A charged particle beam device is available as a technique of observing a circuit pattern formed on a sample such as a semiconductor wafer. The charged particle beam device irradiates a sample with a primary charged particle beam and detects secondary charged particles generated thereby. The detected secondary charged particles are converted into an image which is shown on a display unit. If the primary charged particle beam is an electron beam, the device is a scanning electron microscope (hereinafter abbreviated as SEM). First, electrons emitted from a heating type or field emission type electron source are accelerated. Then, an electron beam whose diameter is decreased by a lens is formed. By scanning a sample (for example, a wafer, reticle, etc) two-dimensionally with the electron beam and detecting the generated secondary electrons, a two-dimensional scanned electron image of a fine pattern on the sample is obtained.
At this time, depending on the landing energy of primary electrons onto the sample, the penetration of electrons into the sample will spread deep, resulting in deterioration of the resolution of the image obtained by detection of secondary electrons. Therefore, the landing energy must be decreased. Furthermore, among the materials used in the process, the number of materials susceptible to an electron beam is increasing. For this reason, it is indispensable to decrease the energy of incident electrons. In addition, since the efficiency of generation of secondary electrons varies depending on the landing energy of incident electrons onto the sample, charge-up of the sample occurs. Therefore, the landing energy must be selected appropriately to keep the efficiency of generation of secondary electrons constant. In order to resolve all the problems related to resolution, susceptibility to an electron beam, and charge-up, it is essential to decrease the energy.

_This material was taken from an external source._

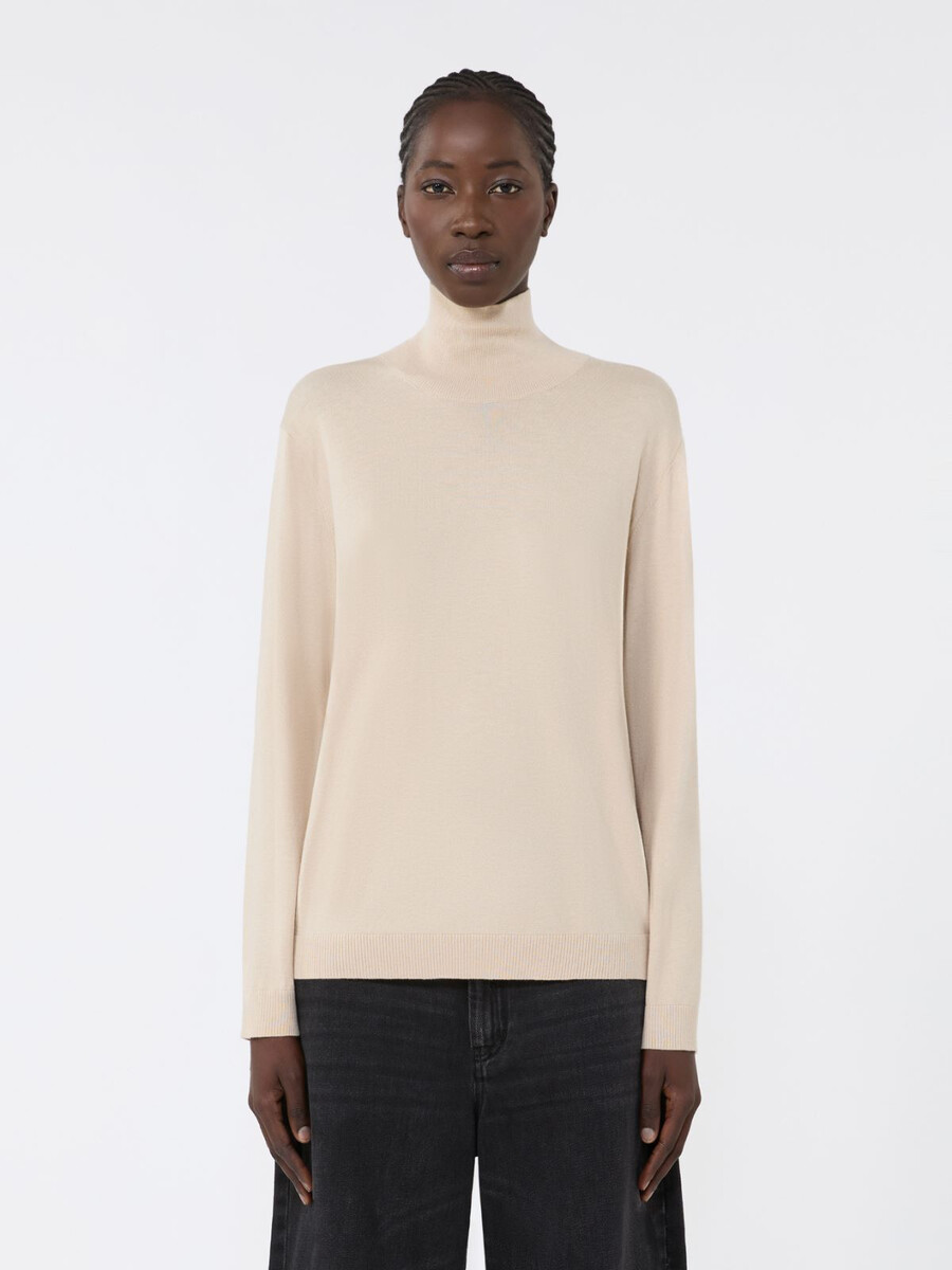 Maglione a collo alto in maglia semplice.

The use of a length measuring SEM (Critical-Dimension Scanning Electron Microscope, hereinafter abbreviated as CD-SEM) is the mainstream of dimensional measurement of semiconductor device patterns. With the recent tendency toward the miniaturization of circuit patterns, high resolution is demanded. A mechanism in which after generation of electrons from the electron source, the electrons are accelerated and before the electrons enter the sample, a decelerating electric field is applied (application of a retarding voltage) is provided. This makes it possible to achieve both high resolution of an obtained image and low acceleration of landing energy.
However, recently among samples to be measured, electrostatically charged samples or samples which become electrostatically charged by beam irradiation have been emerging and due to the electrostatic charge of the sample or its distribution, a focusing error or astigmatism occurs in the CD-SEM. This kind of electrostatic charge may distort the trajectory of the primary charged particle beam to irradiate the sample or if the primary charged particle beam is converged by an electromagnetic lens, it may displace the focal point on the sample surface. This requires time to adjust the electromagnetic lens and the like for focus position and astigmatic readjustments. Furthermore, if the abovementioned electrostatic charge has an in-plane distribution on the sample, focus position and astigmatic readjustments are required each time the point of irradiation with the primary charged particle beam moves to each measuring point on the sample. As a consequence, throughput is remarkably decreased in the measurement and inspection of fine patterns with the charged particle beam of a CD-SEM or the like.
As a solution to this problem, Patent Document 1 discloses a technique which measures, by image processing, the astigmatic difference (range finding between astigmatic focal lengths) based on the distance between two points at which the contrast of differential images in perpendicular directions at different focus positions is the maximum. Patent Document 2 discloses a technique which finds a point at which the amount of movement for defocusing is the minimum, by making an astigmatism correction in a perpendicular direction with respect to the axial beam.